WORK INSTRUCTIONS: Output the data below exactly, images excluded.

DATA EXCERPT:
_ _ _ _
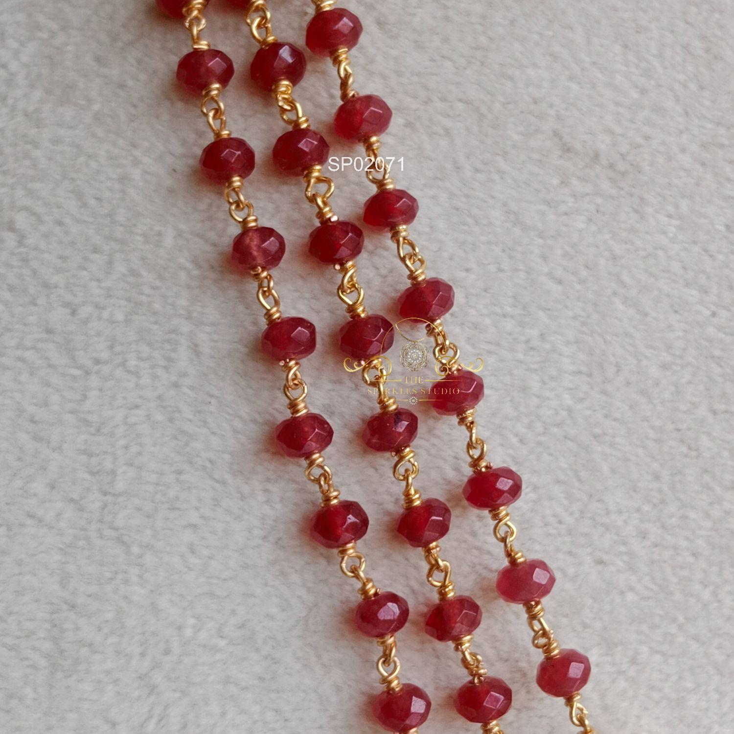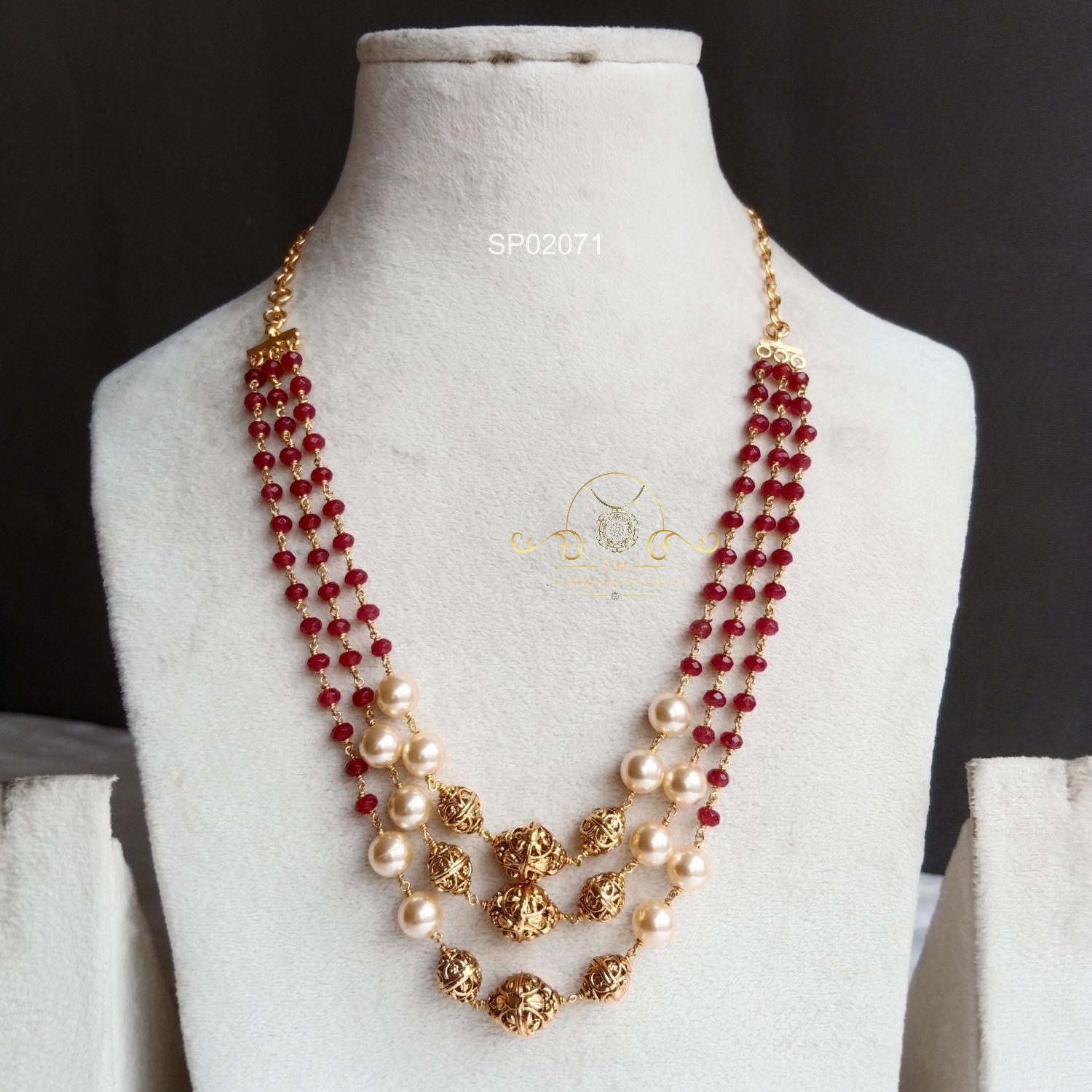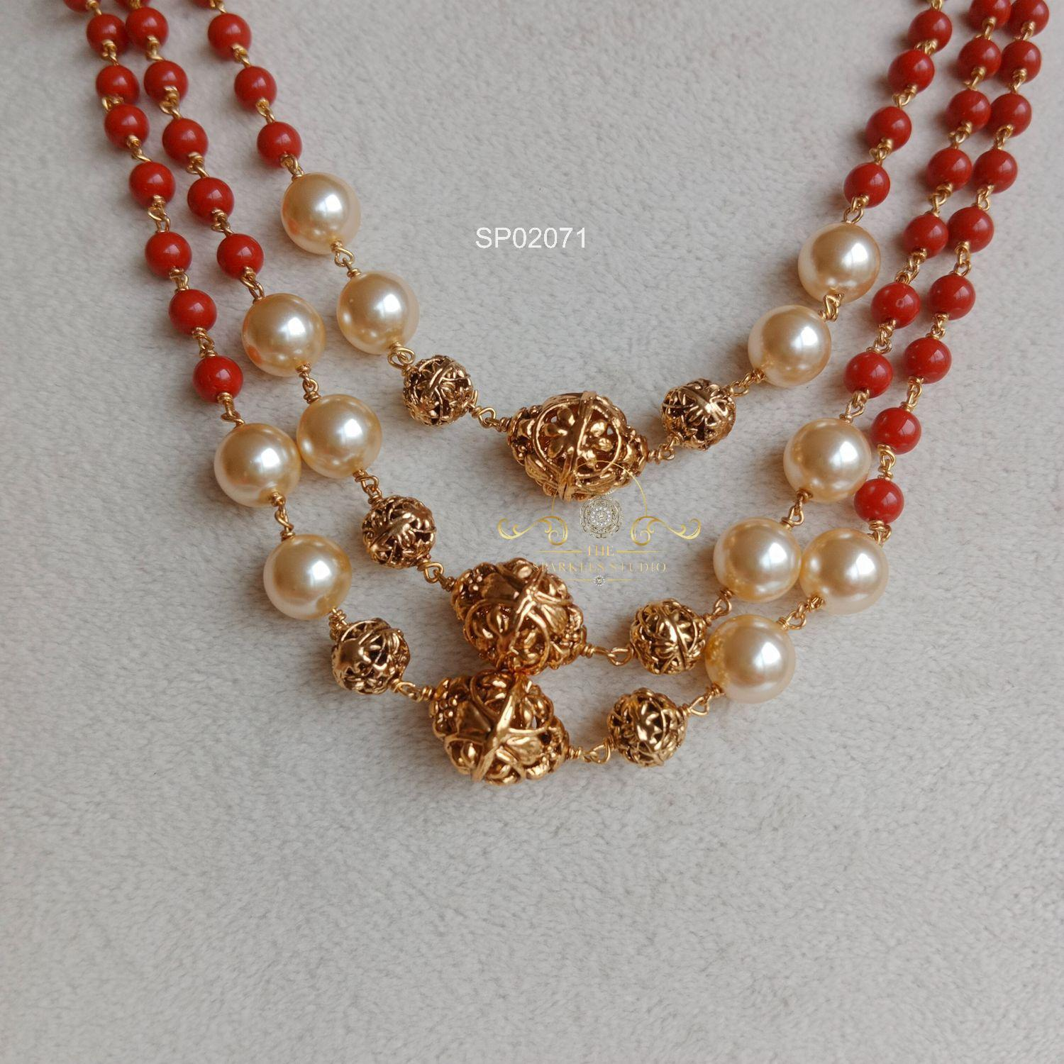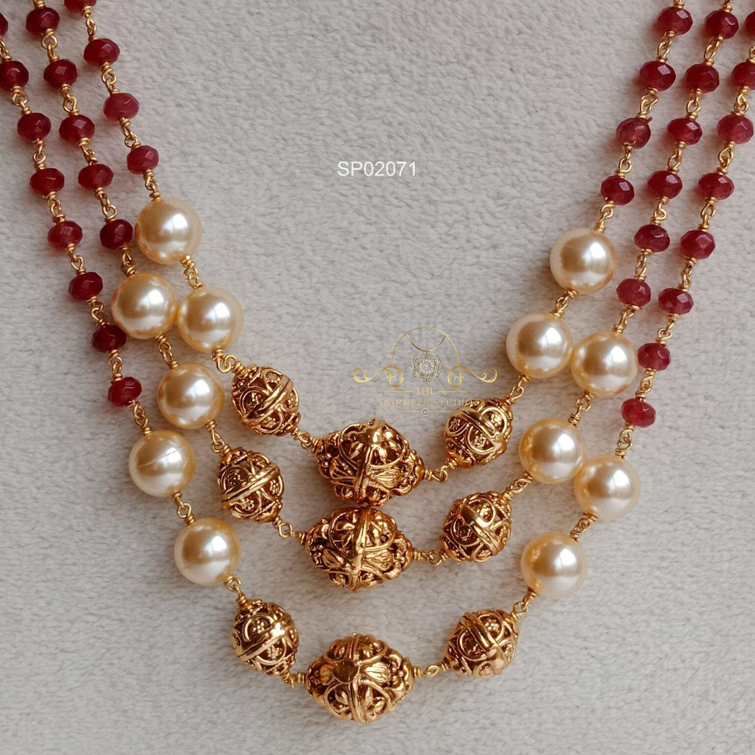 Elegant Three Line Bead and Pearl Mala featuring layered beads and lustrous pearls, creating a rich traditional look perfect for weddings, festive occasions, and graceful styling with sarees and ethnic outfits.
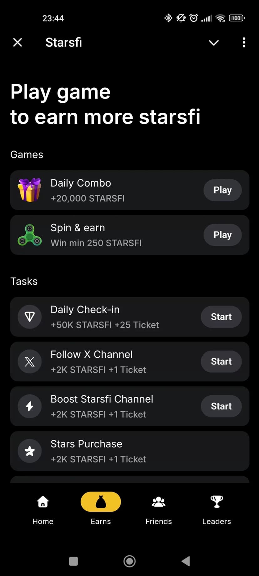 Starsfi — мини‑игра внутри Telegram с упором на ежедневные задания, комбо и соревновательный рейтинг. Пользователи зарабатывают очки и награды, продвигаясь в лидербордах и взаимодействуя с другими игроками.
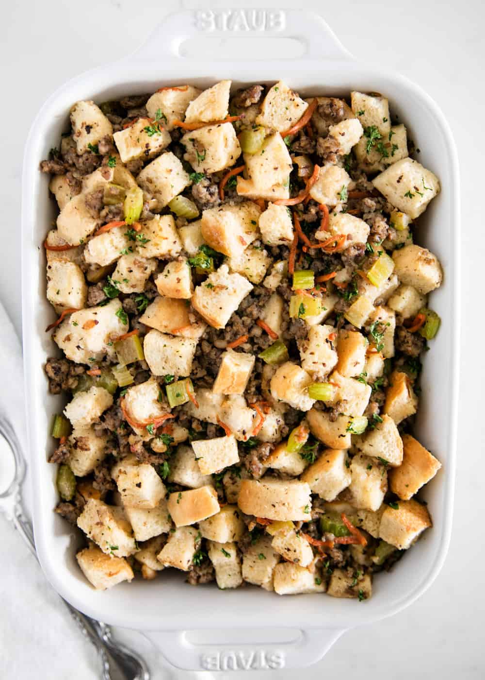 ¡Esta es la mejor receta de relleno de salchichas y una de las favoritas de la familia para las fiestas! Sé que técnicamente es una guarnición porque no me gusta ponerlo en pavo, pero seguro que podrías hacerlo. Si lo voy a poner dentro del pavo, no le pondría la salchicha.
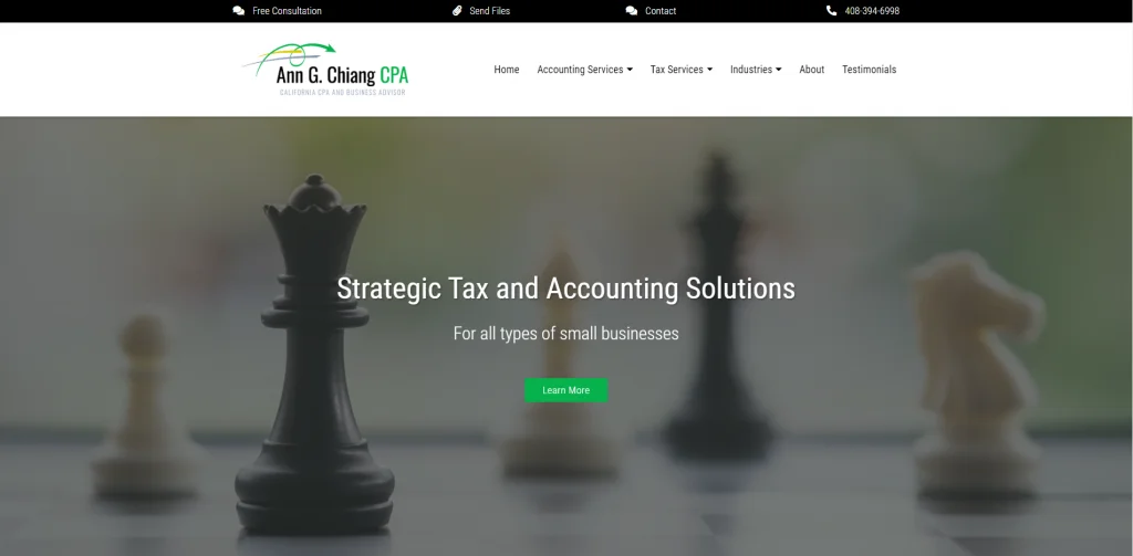 Ann G. Chiang CPA ha un sito Web attraente con alcuni design di carte che aiutano a mantenere le cose organizzate. Le loro informazioni di contatto sono visibili nella parte superiore e inferiore di ogni pagina. Un effetto hover viene utilizzato con alcune delle loro immagini per mostrare più informazioni e rendere la loro pagina più interessante e mantenere i visitatori interessati. Inoltre, le categorie sono organizzate molto bene mostrando i servizi che offrono e i settori in cui sono specializzati.
_ _ _ _
ANSWER BOX:
 Elegant Three Line Bead and Pearl Mala featuring layered beads and lustrous pearls, creating a rich traditional look perfect for weddings, festive occasions, and graceful styling with sarees and ethnic outfits.
 Starsfi — мини‑игра внутри Telegram с упором на ежедневные задания, комбо и соревновательный рейтинг. Пользователи зарабатывают очки и награды, продвигаясь в лидербордах и взаимодействуя с другими игроками.
 ¡Esta es la mejor receta de relleno de salchichas y una de las favoritas de la familia para las fiestas! Sé que técnicamente es una guarnición porque no me gusta ponerlo en pavo, pero seguro que podrías hacerlo. Si lo voy a poner dentro del pavo, no le pondría la salchicha.
 Ann G. Chiang CPA ha un sito Web attraente con alcuni design di carte che aiutano a mantenere le cose organizzate. Le loro informazioni di contatto sono visibili nella parte superiore e inferiore di ogni pagina. Un effetto hover viene utilizzato con alcune delle loro immagini per mostrare più informazioni e rendere la loro pagina più interessante e mantenere i visitatori interessati. Inoltre, le categorie sono organizzate molto bene mostrando i servizi che offrono e i settori in cui sono specializzati.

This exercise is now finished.